Bagikan:

KEDIRI — Kepolisian Resor Kediri Kota, Jawa Timur, mengusut kematian seorang balita berusia empat tahun asal Kelurahan Ngronggo yang ditemukan meninggal dunia dengan sejumlah luka lebam di tubuhnya.

Kepala Satuan Reserse Kriminal Polres Kediri Kota, AKP Achmad Elyasarif Martadinata, mengatakan penyidik masih mengumpulkan keterangan dari sejumlah saksi, termasuk ibu, nenek, dan ayah tiri korban.

“Kami masih mendalami keterangan mereka untuk mengetahui penyebab pasti kematian anak tersebut,” ujar Elyasarif, dikutip Antara Kamis 16 April.

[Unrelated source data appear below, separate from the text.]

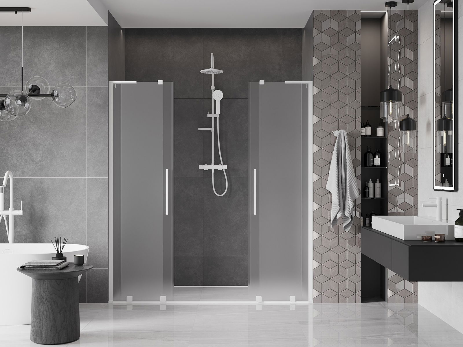 Mexen Velar L Duo porte de douche coulissante 170 cm, givré, blanc - 871-170-003-32-20
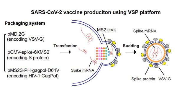 為了產生類似天然的免疫原,又不引起感染,研究者通過將編碼mRNA刺突蛋白(Spike)注入的病毒模擬顆粒(VSPs)內部,該病毒模擬顆粒由慢病毒顆粒衍生而來;研究者還對病毒模擬顆粒表面的刺突蛋白進行了修飾。該研究表徵了新疫苗平台的mRNA拷貝數、糖基化狀態、轉導效率和先天免疫特性。
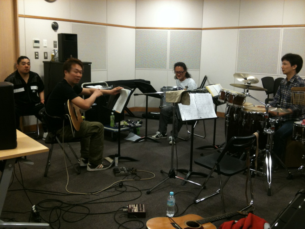 写真は今回のライブのリハーサル風景です。あ、ピアノの恩田さんがいない?
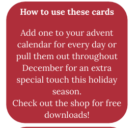 These cards create moments to slow down and be present with one another versus buying something. These are a great addition to your holiday traditions this year and every year to come!

Selain itu, polisi juga berkoordinasi dengan tim medis untuk memastikan penyebab kematian korban, apakah murni karena faktor alami atau terdapat indikasi kekerasan.

Korban ditemukan meninggal dunia di rumahnya pada Rabu (15/4) petang. Saat kejadian, korban berada di rumah bersama neneknya, sementara kedua orang tuanya bekerja di luar.

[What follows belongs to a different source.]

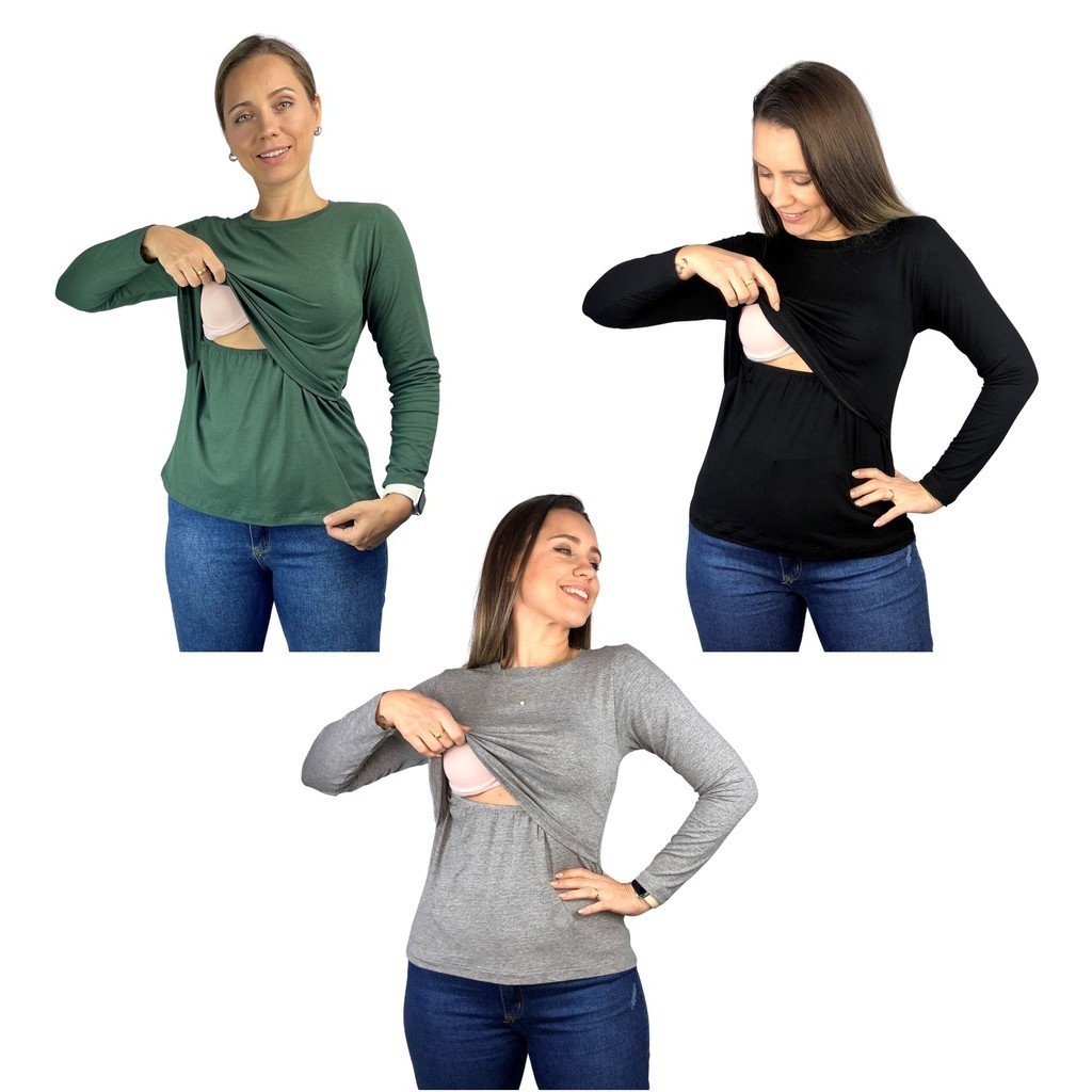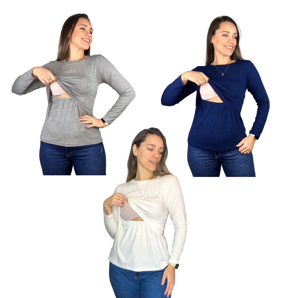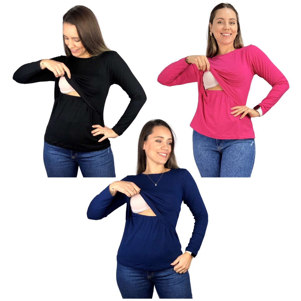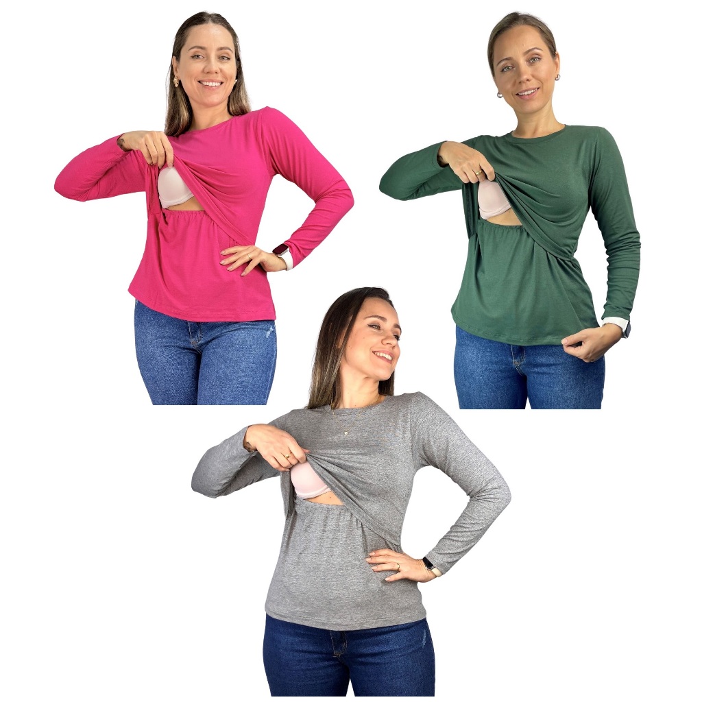 Kit 3 Blusa Amamentação Diversas Cores Premium Camiseta Manga Longa Gestante Grávida Maternidade

Jenazah korban kemudian dibawa ke Rumah Sakit Bhayangkara Kediri untuk menjalani visum et repertum.

“Luka lebam yang ditemukan masih kami dalami. Kami menunggu hasil pemeriksaan medis agar penanganan kasus ini lebih jelas dan objektif,” katanya.

Sementara itu, kakak kandung korban, Muhammad Wahyudi (26), mengaku terakhir bertemu adiknya dua hari sebelum kejadian. Ia menyebut korban kerap terlihat tertidur setiap kali ia berkunjung ke rumah neneknya.

“Dua hari lalu saya ke sana, dia tidur. Setiap saya datang juga seringnya tidur,” ujar Wahyudi.

Ia mengaku terkejut atas kematian adiknya dan berharap polisi dapat mengusut tuntas kasus tersebut.

“Saya berharap kejadian ini bisa diungkap, dicari kebenarannya,” katanya.